Your fingerprint makes a terrific passcode. It's unique to you, it's always on you, and there's no chance you can forget it (something we can't say about every other password we've ever dreamed up). But, it's also a piece of data you don't want to fall into the wrong hands. And, unfortunately, security research discovered that the Samsung Galaxy S5 could be sharing your unique swirls and whorls with hackers.

According to Forbes, researchers with FireEye found that it's possible for hackers to intercept your fingerprint data before it can be securely stored on your device. Basically, what makes it safe for us to use fingerprints as a form of identification on mobile devices is that fingerprint data is stored in an extremely secure digital fortress within that device's memory. Once there, hackers would have a near-impossible time trying to extract it. But, a hacker could hack the fingerprint scanner itself. 

“If the attacker can break the kernel [the core of the Android operating system], although he cannot access the fingerprint data stored in the trusted zone, he can directly read the fingerprint sensor at any time. Every time you touch the fingerprint sensor, the attacker can steal your fingerprint,” FireEye's Yulong Zhang told Forbes.

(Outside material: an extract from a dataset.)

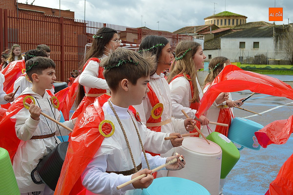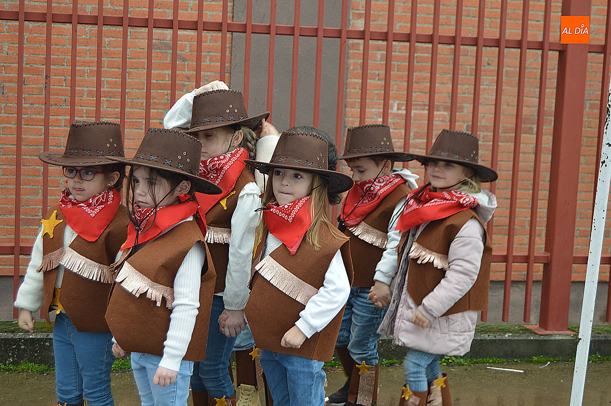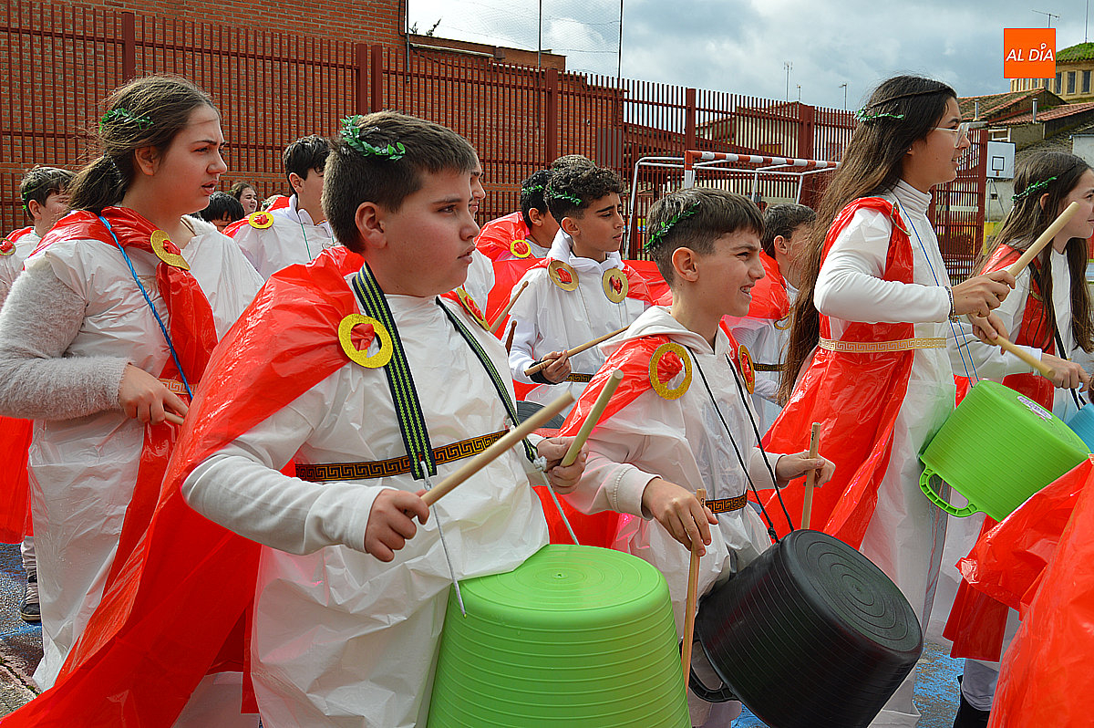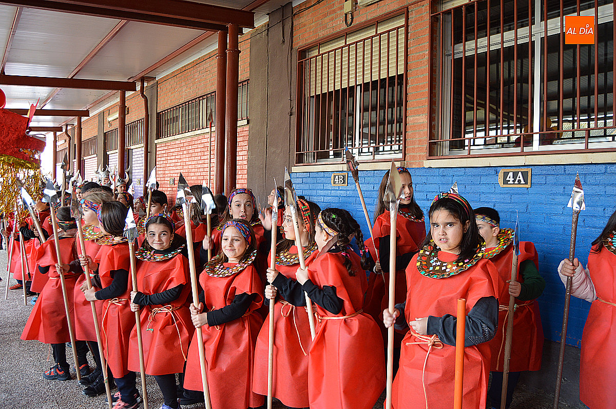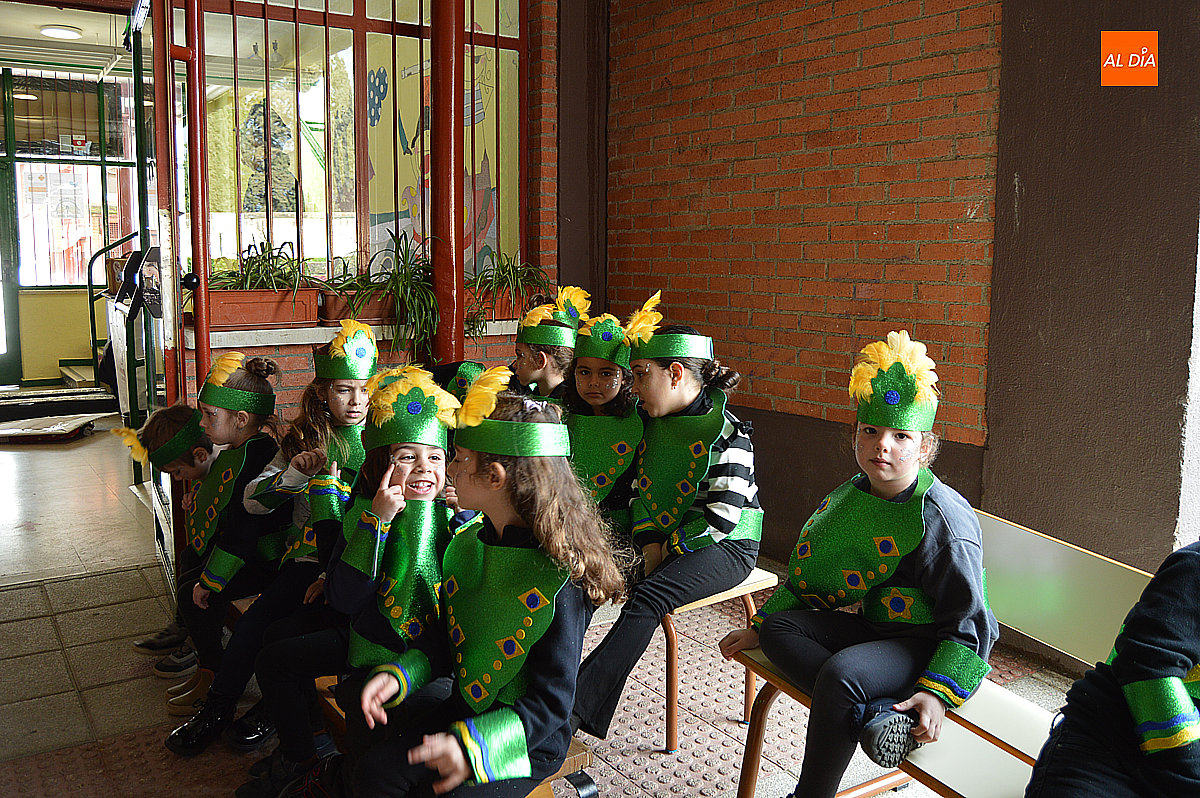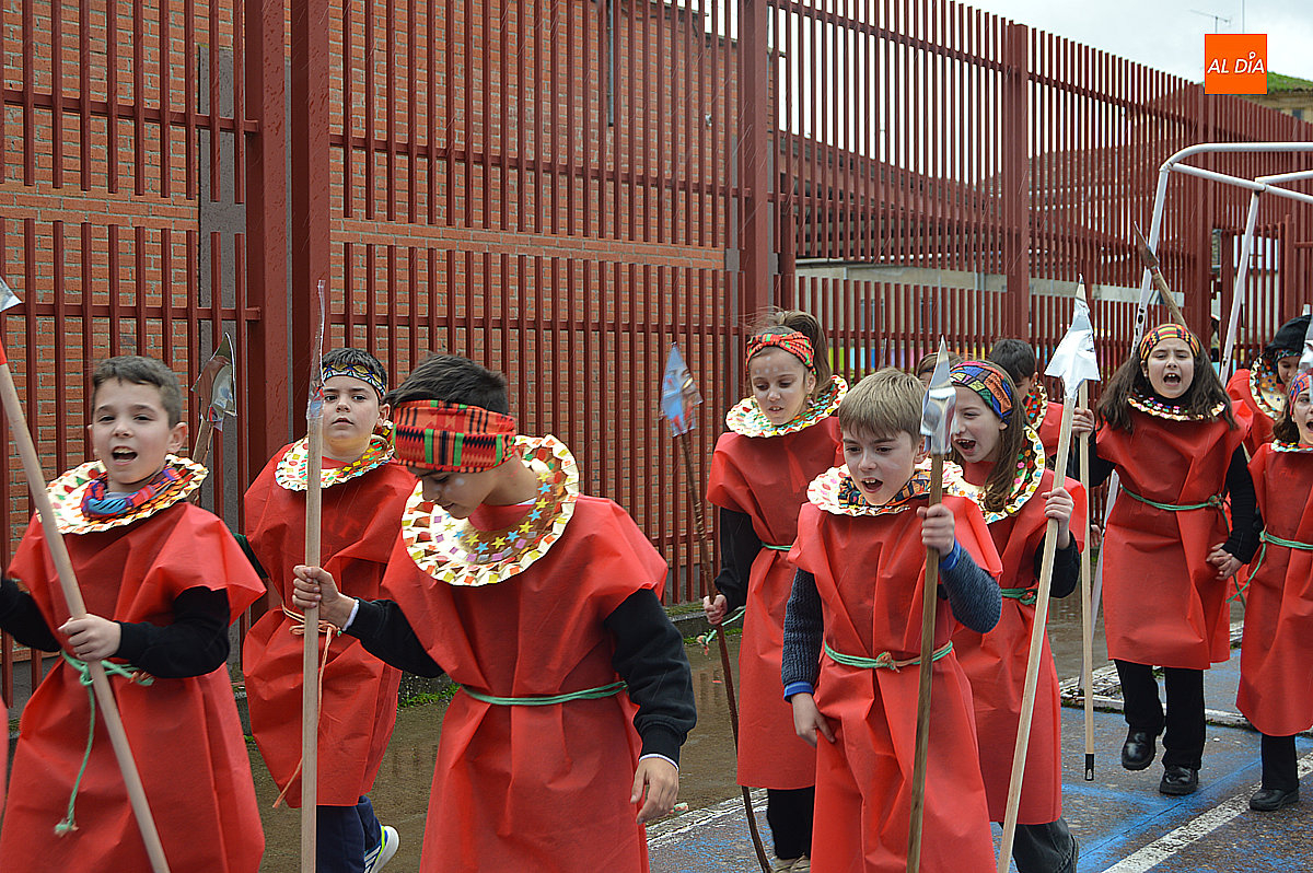 Aunque inicialmente estaba previsto que el desfile recorriera las calles de la localidad hasta la Plaza de Toros, las inclemencias del tiempo obligaron a modificar el itinerario. Sin embargo, la lluvia no frenó las ganas de disfrutar de la jornada y de mostrar sus disfraces. El patio del colegio se transformó en pasarela improvisada por la que fueron desfilando los distintos cursos para mostrar sus creativos y originales disfraces, muchos de ellos elaborados con materiales reciclados.

But what, exactly, would happen if someone did get ahold of your fingerprints? Identity theft is the primary issue. If your PIN, password, or even your social security number are stolen, you can get them reset or re-issued. Not so with a fingerprint. If malicious jerks steal your fingerprint, replicate it, and use it, your unique identifier could put you in criminal-records databases, on no-fly lists, and more. Even worse: For bank accounts that use a fingerprint as a secondary identifier, a print thief may be able to wipe your account of all its hard-earned contents. That fingerprint reproduction you've seen in sci-fi movies? It's not just sci-fi anymore

Luckily, this hacking possibility is fairly narrow: It only applies to the Samsung Galaxy S5 (and some other unnamed Android handsets), and only for devices running OS versions earlier than Android 5.0 Lollipop. 

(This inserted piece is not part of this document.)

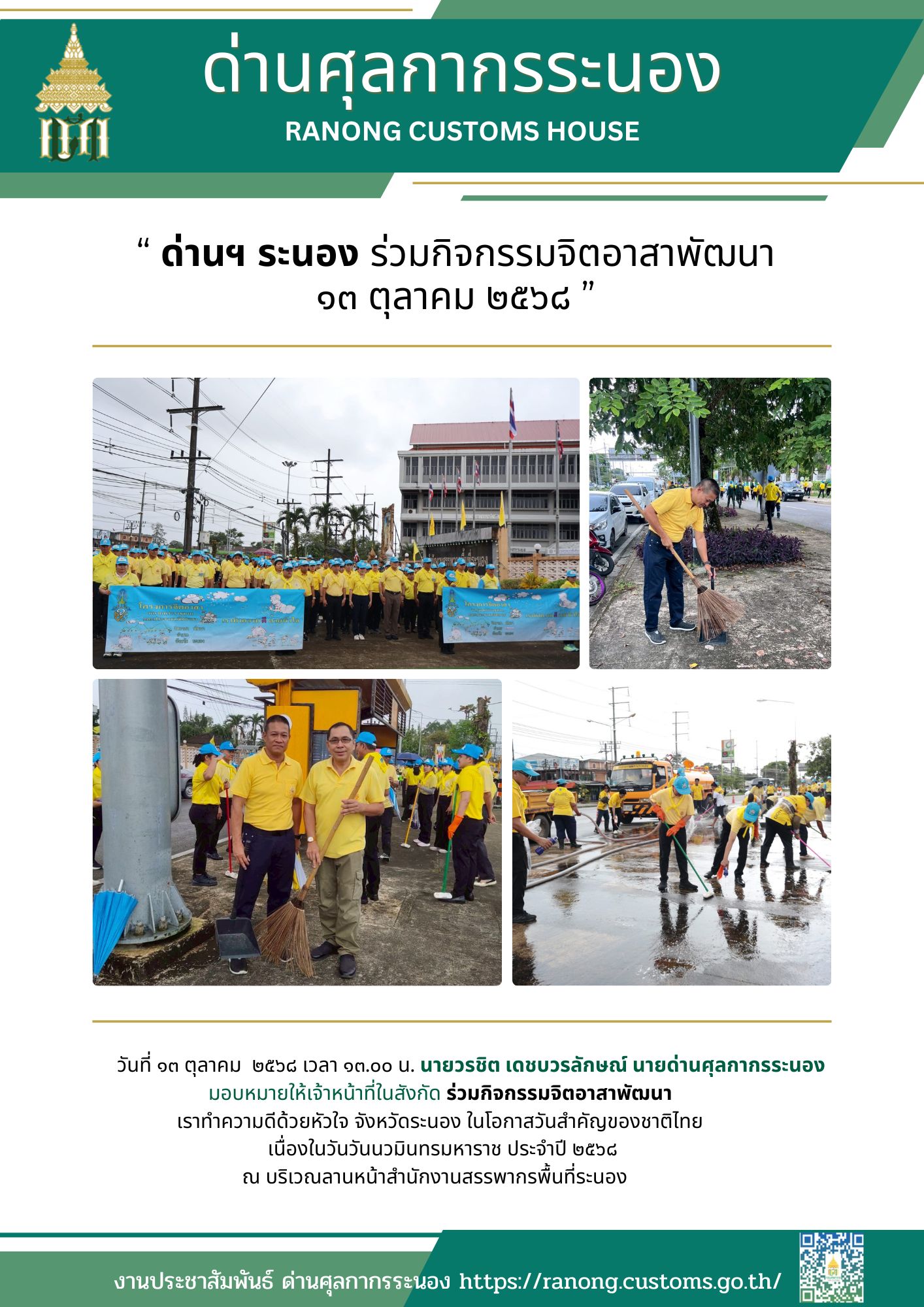 ด่านศุลกากรระนอง ร่วมกิจกรรมจิตอาสาพัฒนา ๑๓ ตุลาคม ๒๕๖๘

FireEye's researchers, who presented this information at the RSA conference in San Francisco this week, have reached out to Samsung about the vulnerability, but haven't yet heard back as to whether the company will issue a software update to address it.

In the meantime, if you have an S5, here's a solid reminder to update to the latest version of Android. You wouldn't want your fingerprint ending up in some Mission Impossible-style government-infiltration scenario. Or have to go back to using a passcode.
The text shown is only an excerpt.